Although Indiana is the Wrights’ marital domicile and has a statute regulating who may sue for injuries to a child,7 we do not believe a Mississippi court would apply this statute.
In Mitchell v. Craft the Mississippi Supreme Court stated that “an important consideration is the application of the better rule of law.” 211 So.2d at 514. A Mississippi court would recognize that the Indiana statute may contravene the equal protection clause of the Fourteenth Amendment under the rationale of Reed v. Reed, 404 U.S. 71, 92 S.Ct. 251, 30 L.Ed.2d 225 (1971), and in view of the possible constitutional difficulties, we feel a Mississippi court would opt for its own law. Especially is this true in the instant case where Indiana’s only contact with the parties or the occurrence is that it is the appellants’ domicile. In other situations this single contact might achieve greater significance; for example, if the Indiana statute was designed to promote harmony or prevent discord in the marital relationship, or to prevent collusive suits between spouses, then perhaps there would be an Indiana, policy which would be advanced by applying its statute. However, applying this statute to our facts to determine whether Mrs. Wright has an interest in the parents’ claim would not seem to advance the policy underlying the statute which is not to protect the marital relationship. See Mayhew v. Burns, 103 Ind. 328, 2 N.E. 793 (Ind.1885); Thompson v. Town of Ft. Branch, 178 N.E. 440 (Ind.1831). While this statute may advance Indiana policies when Indiana is the forum, those policies would not be furthered by applying the statute in a Mississippi forum. For this reason, Mississippi would look solely to forum law. This brief analysis illustrates several grounds upon *1286which to deny the application of Indiana law. When considered together, they confirm our conviction that a Mississippi court would apply forum law to determine whether Mrs. Wright has an interest in the parents’ claim apart from her husband.

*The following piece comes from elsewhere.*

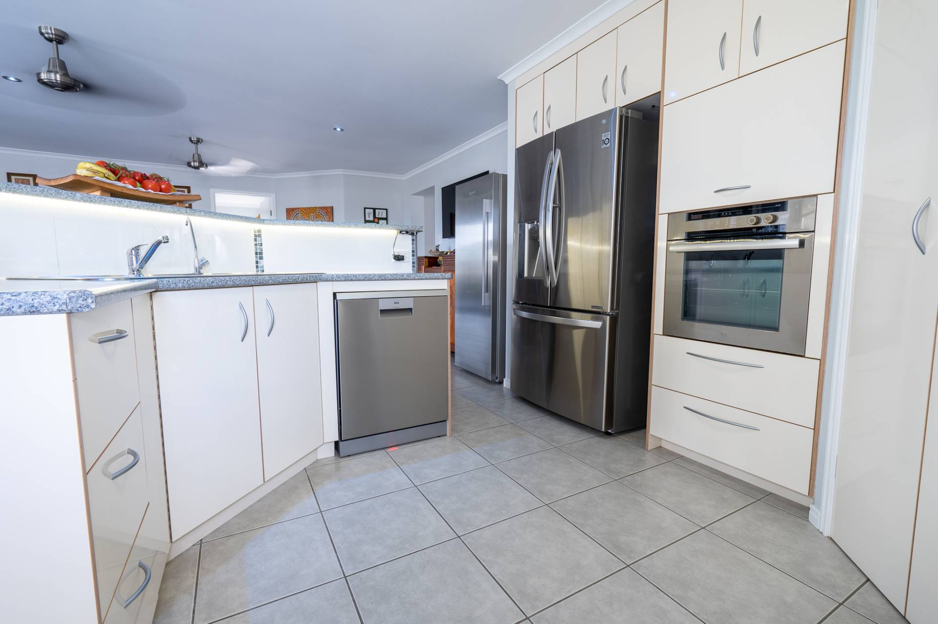 A well appointed, open plan kitchen with large pantry, dishwasher and plenty of bench and cupboard space

Having concluded that Mississippi law should be applied, we move now to the resolution of the substantive issues.
III.
The district court reasoned that because a father has the primary obligation to support his minor child he is the sole owner of the parents’ suit for consequential damages suffered as a result of the child’s injury. In addition, the court treated Mrs. Wright’s nursing services as a part of the husband’s consortium, to which he is entitled because of the marital relation, and thus concluded that Mr. Wright was alone entitled to recover the reasonable value of Mrs. Wright’s services. There is a two-step analysis present here. The father is the sole owner of the parents’ right of action because he has the primary obligation of support; secondly, as the sole owner of the right, he is entitled to all the damages. Thus all damages must be reduced by his comparative negligence —a portion of the damages cannot be segregated and remain immune from the application of the comparative negligence standard. Our interpretation of Mississippi law, influenced by contemporary concepts concerning the rights of women, causes us to reject the conclusions reached by the court below and urged on us by the appellees.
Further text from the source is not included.